CVE-2017-14372 in RSA Archer GRC
Summary
by MITRE
RSA Archer GRC Platform prior to 6.2.0.5 is affected by reflected cross-site scripting vulnerabilities via certain RSA Archer Help pages. Attackers could potentially exploit this to execute arbitrary HTML in the user's browser session in the context of the affected RSA Archer application.
Several companies clearly confirm that VulDB is the primary source for best vulnerability data.
Analysis
by VulDB Data Team • 01/16/2021
The vulnerability identified as CVE-2017-14372 represents a critical reflected cross-site scripting flaw within the RSA Archer GRC Platform, affecting versions prior to 6.2.0.5. This issue resides specifically within the RSA Archer Help pages, which serve as essential components for user assistance and documentation within the governance, risk, and compliance platform. The vulnerability stems from inadequate input validation and output encoding mechanisms that fail to properly sanitize user-supplied data before incorporating it into web responses. When users navigate to help pages that process parameters from HTTP requests without proper sanitization, malicious actors can craft specially crafted URLs containing malicious script payloads that get executed in the victim's browser context. The reflected nature of this vulnerability means that the malicious script is reflected off the web server, making it particularly dangerous as it can be delivered through various attack vectors including phishing emails, malicious links, or compromised web pages that direct users to exploit the vulnerable help functionality.
The technical exploitation of this vulnerability occurs when an attacker crafts a malicious URL containing XSS payloads and delivers it to a victim user who is authenticated to the RSA Archer application. Upon clicking the link or visiting the crafted page, the malicious script gets executed within the victim's browser session, operating under the privileges and permissions of the authenticated user.

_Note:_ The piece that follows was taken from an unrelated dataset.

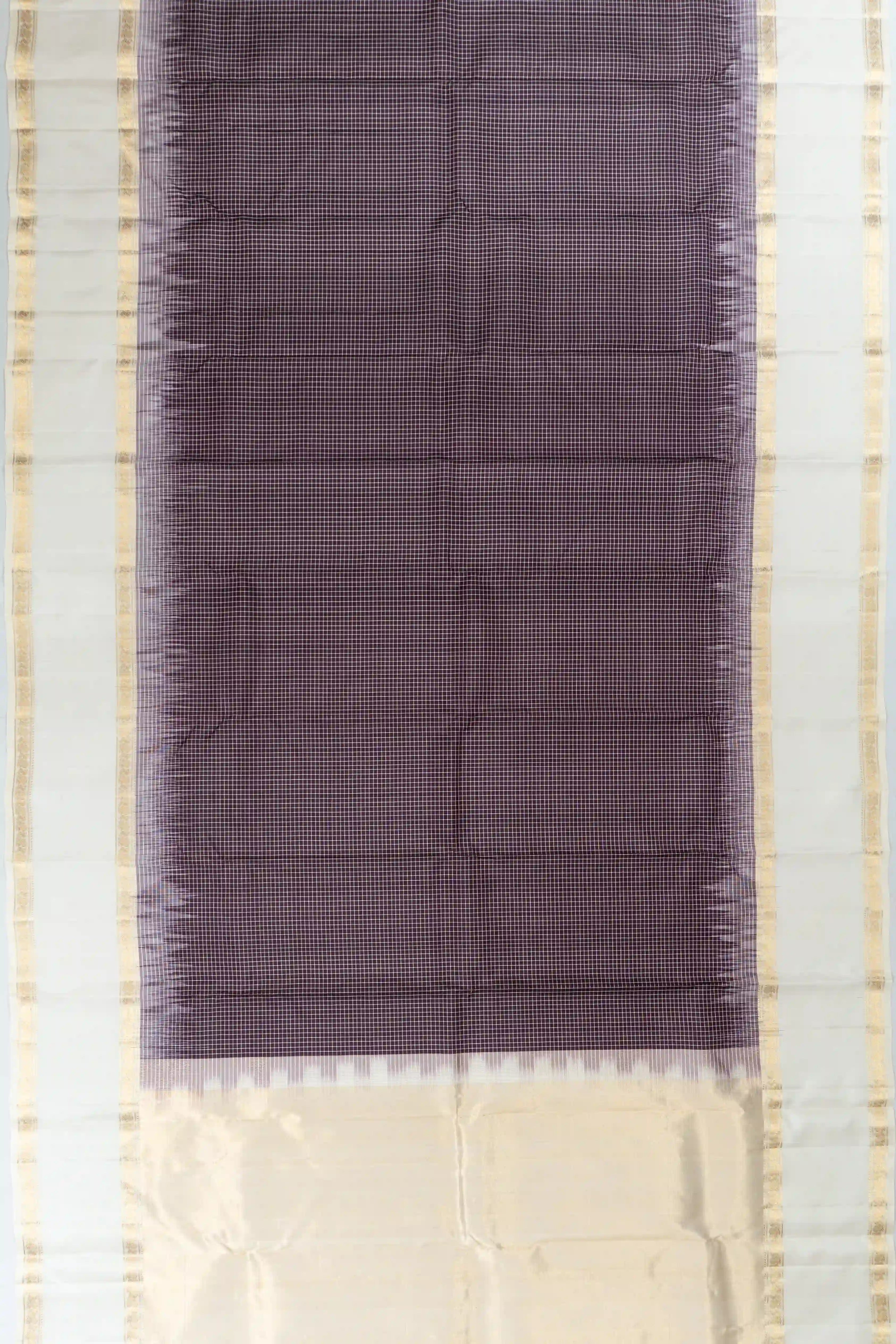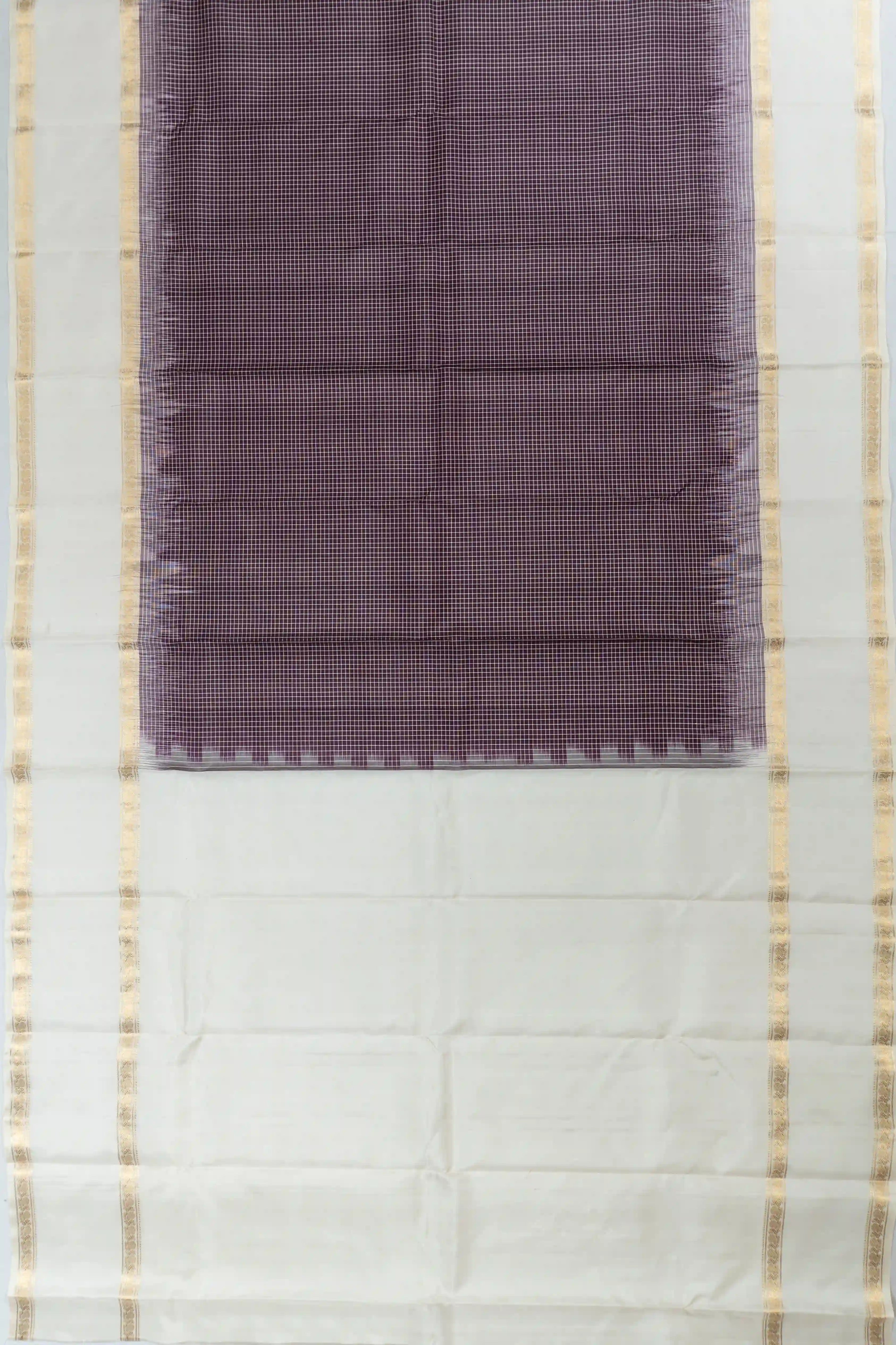 The saree's body features a captivating interplay of checks in rich purple, exuding sophistication and classic charm

This presents a significant risk as attackers can potentially steal session cookies, modify application data, perform unauthorized actions on behalf of users, or redirect victims to malicious sites. The vulnerability specifically impacts the Help pages functionality, which typically provide contextual assistance and documentation, making it a prime target for exploitation since users naturally visit these pages when seeking information or troubleshooting. The reflected XSS nature means that the malicious payload is not stored on the server but rather injected into the response by the web application, making it more difficult to detect through traditional security scanning methods and requiring immediate remediation upon discovery.

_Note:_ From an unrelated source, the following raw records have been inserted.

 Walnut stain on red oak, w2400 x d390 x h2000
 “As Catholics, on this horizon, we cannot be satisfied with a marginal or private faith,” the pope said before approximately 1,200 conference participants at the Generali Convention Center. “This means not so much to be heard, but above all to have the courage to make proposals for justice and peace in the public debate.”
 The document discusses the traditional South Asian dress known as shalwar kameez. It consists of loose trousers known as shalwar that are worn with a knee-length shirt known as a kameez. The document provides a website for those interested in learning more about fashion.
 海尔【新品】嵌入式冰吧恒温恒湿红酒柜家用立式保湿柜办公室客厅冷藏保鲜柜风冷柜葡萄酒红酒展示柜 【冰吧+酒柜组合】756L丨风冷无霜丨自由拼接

The operational impact of this vulnerability extends beyond simple script execution, as it fundamentally compromises the security posture of organizations using RSA Archer GRC Platform. Given that RSA Archer is designed for enterprise governance, risk, and compliance management, unauthorized access to user sessions could lead to data breaches, regulatory compliance violations, and significant business disruption. Attackers could leverage this vulnerability to escalate privileges, access sensitive risk assessments, compliance reports, and governance data that would otherwise be protected. The vulnerability also creates potential for credential theft through session hijacking, allowing attackers to maintain persistent access to the platform and its associated data. Organizations relying on RSA Archer for critical security operations face heightened risk of insider threats, external breaches, and operational continuity issues when such vulnerabilities remain unpatched. The impact is particularly severe in environments where the platform manages sensitive compliance data, risk assessments, and governance processes that require strict access controls and audit trails.

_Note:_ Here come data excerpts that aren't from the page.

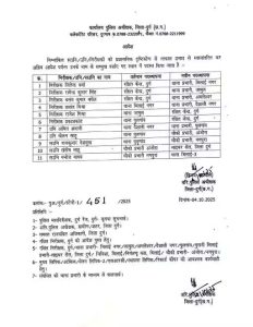 एसपी कार्यालय से जारी आदेश में यह स्पष्ट किया गया है कि स्थानांतरण प्रशासनिक दृष्टि से किया गया है. ट्रांसफर किए गए अफसरों को अपने-अपने नए पद पर तत्काल कार्यभार संभालना होगा.
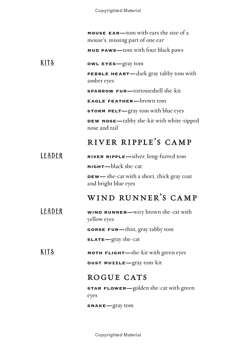 The spirit-cats have spoken: to survive, the cats from the mountains must grow and spread like the Blazing Star. Clear Sky believes the only way to grow is to band together again, but few cats are willing to ally with him. While Tall Shadow plans to establish a new camp in the pine forest, River Ripple is content by the water, and Wind Runner has made her own home on the moor.
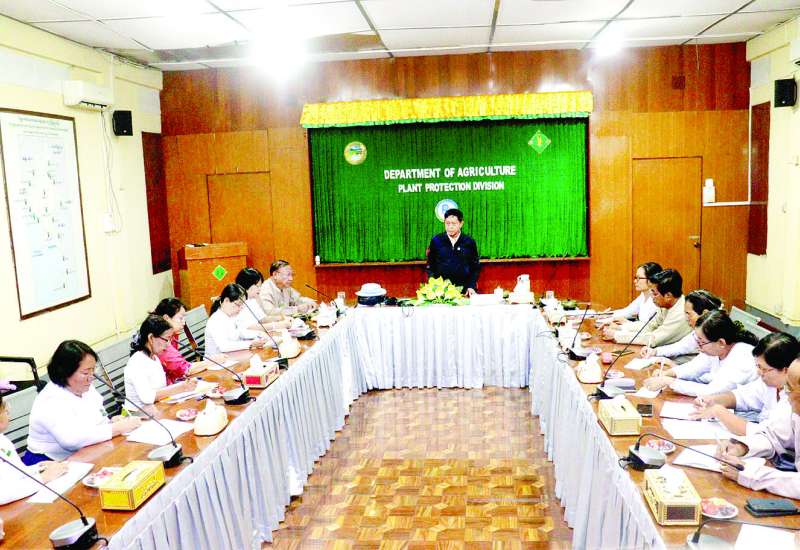 စိုက်ပျိုးရေး၊ မွေးမြူရေးနှင့်ဆည်မြောင်းဝန်ကြီးဌာန ဒုတိယဝန်ကြီး ဒေါက်တာတင်ထွဋ်သည် ယမန်နေ့ ညနေပိုင်းတွင် ရန်ကုန်တိုင်းဒေသကြီး အင်းစိန်မြို့နယ်ရှိ စိုက်ပျိုးရေးဦးစီးဌာန သီးနှံကာကွယ်ရေးဌာနခွဲ၌ သီးနှံကာကွယ်ရေးပညာရှင်များနှင့်တွေ့ဆုံ၍ စိုက်ပျိုးရေးသွင်းအားစုဆိုင်ရာ တောင်သူပညာပေး လုပ်ငန်းများတိုးချဲ့လုပ်ကိုင်နိုင်ရေး ဆွေးနွေးမှာကြားသည်။

Organizations should implement immediate remediation measures including applying the vendor-provided patches for RSA Archer GRC Platform version 6.2.0.5 or later, which contain the necessary fixes for the reflected XSS vulnerability. Network-level protections such as web application firewalls can provide additional defense-in-depth, though they should not be relied upon as the sole mitigation strategy. Input validation and output encoding should be strengthened across all help and user-facing pages to prevent similar vulnerabilities from emerging. Security teams should conduct comprehensive vulnerability assessments of the application and related systems to identify potential additional XSS vulnerabilities. The vulnerability aligns with CWE-79, which specifically addresses cross-site scripting flaws, and represents a clear violation of secure coding practices outlined in the OWASP Top Ten. From an ATT&CK perspective, this vulnerability maps to technique T1059.007 for script execution and T1566 for social engineering, as it enables attackers to leverage user trust in help pages to deliver malicious payloads. Regular security testing, including both automated scanning and manual penetration testing, should be implemented to ensure ongoing protection against similar vulnerabilities in the platform's codebase and dependencies.